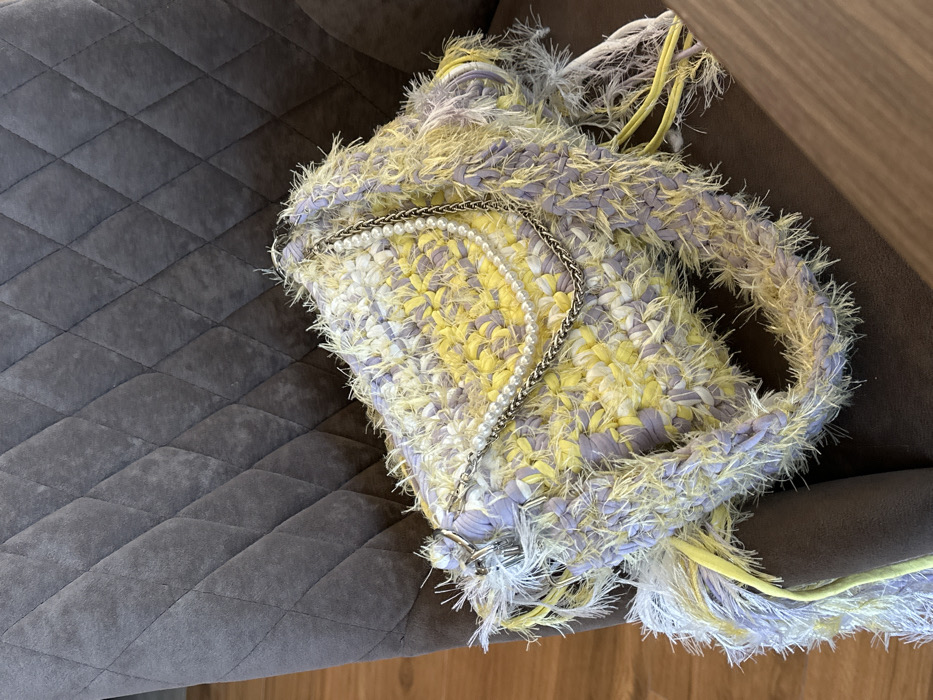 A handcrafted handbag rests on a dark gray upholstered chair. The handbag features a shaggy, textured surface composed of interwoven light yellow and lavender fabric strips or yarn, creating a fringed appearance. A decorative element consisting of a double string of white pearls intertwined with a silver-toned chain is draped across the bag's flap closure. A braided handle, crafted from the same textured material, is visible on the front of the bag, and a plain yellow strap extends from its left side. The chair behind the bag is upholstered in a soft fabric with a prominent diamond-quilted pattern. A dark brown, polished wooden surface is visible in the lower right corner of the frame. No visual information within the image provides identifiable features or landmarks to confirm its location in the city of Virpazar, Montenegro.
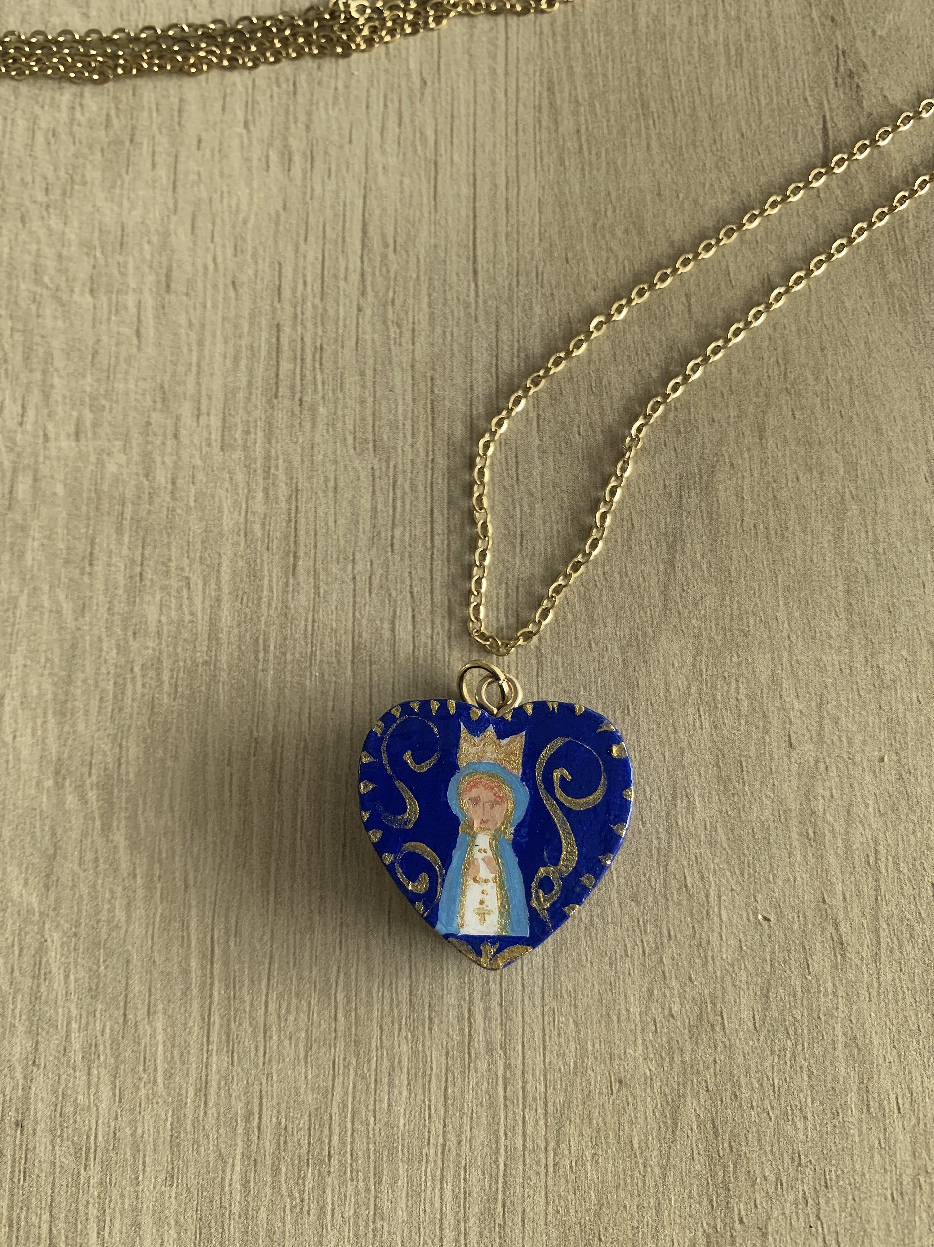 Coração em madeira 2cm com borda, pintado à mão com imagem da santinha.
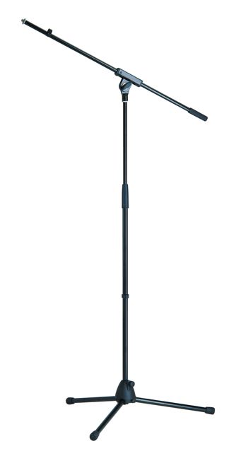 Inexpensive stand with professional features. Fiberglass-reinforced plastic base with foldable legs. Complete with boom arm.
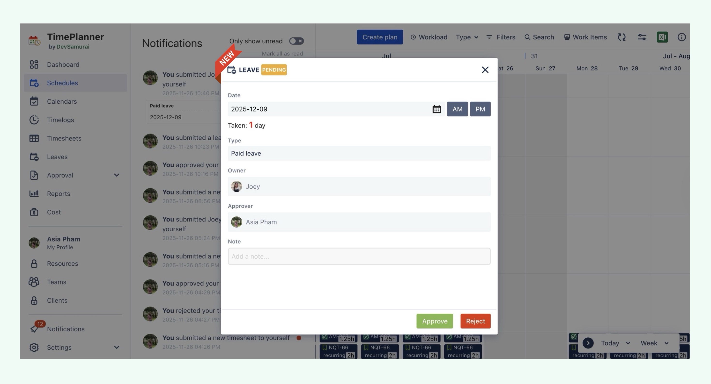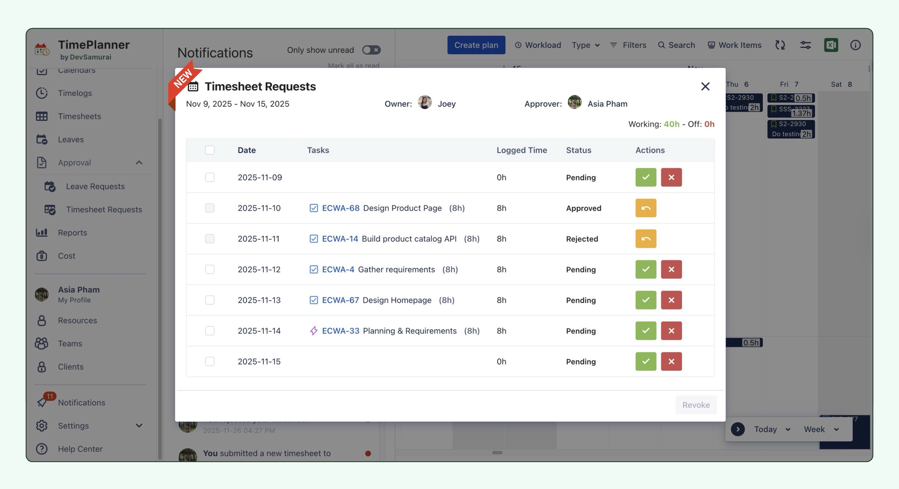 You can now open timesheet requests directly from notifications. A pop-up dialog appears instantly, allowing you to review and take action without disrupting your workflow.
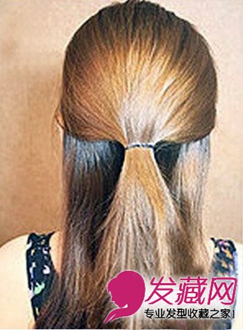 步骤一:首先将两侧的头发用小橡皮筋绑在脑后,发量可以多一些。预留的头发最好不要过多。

-----

=== PROBLEM REQUIREMENTS ===
Reproduce the listing exactly. Do not include its images.

=== WRITTEN SOLUTION ===
 A handcrafted handbag rests on a dark gray upholstered chair. The handbag features a shaggy, textured surface composed of interwoven light yellow and lavender fabric strips or yarn, creating a fringed appearance. A decorative element consisting of a double string of white pearls intertwined with a silver-toned chain is draped across the bag's flap closure. A braided handle, crafted from the same textured material, is visible on the front of the bag, and a plain yellow strap extends from its left side. The chair behind the bag is upholstered in a soft fabric with a prominent diamond-quilted pattern. A dark brown, polished wooden surface is visible in the lower right corner of the frame. No visual information within the image provides identifiable features or landmarks to confirm its location in the city of Virpazar, Montenegro.
 Coração em madeira 2cm com borda, pintado à mão com imagem da santinha.
 Inexpensive stand with professional features. Fiberglass-reinforced plastic base with foldable legs. Complete with boom arm.
 You can now open timesheet requests directly from notifications. A pop-up dialog appears instantly, allowing you to review and take action without disrupting your workflow.
 步骤一:首先将两侧的头发用小橡皮筋绑在脑后,发量可以多一些。预留的头发最好不要过多。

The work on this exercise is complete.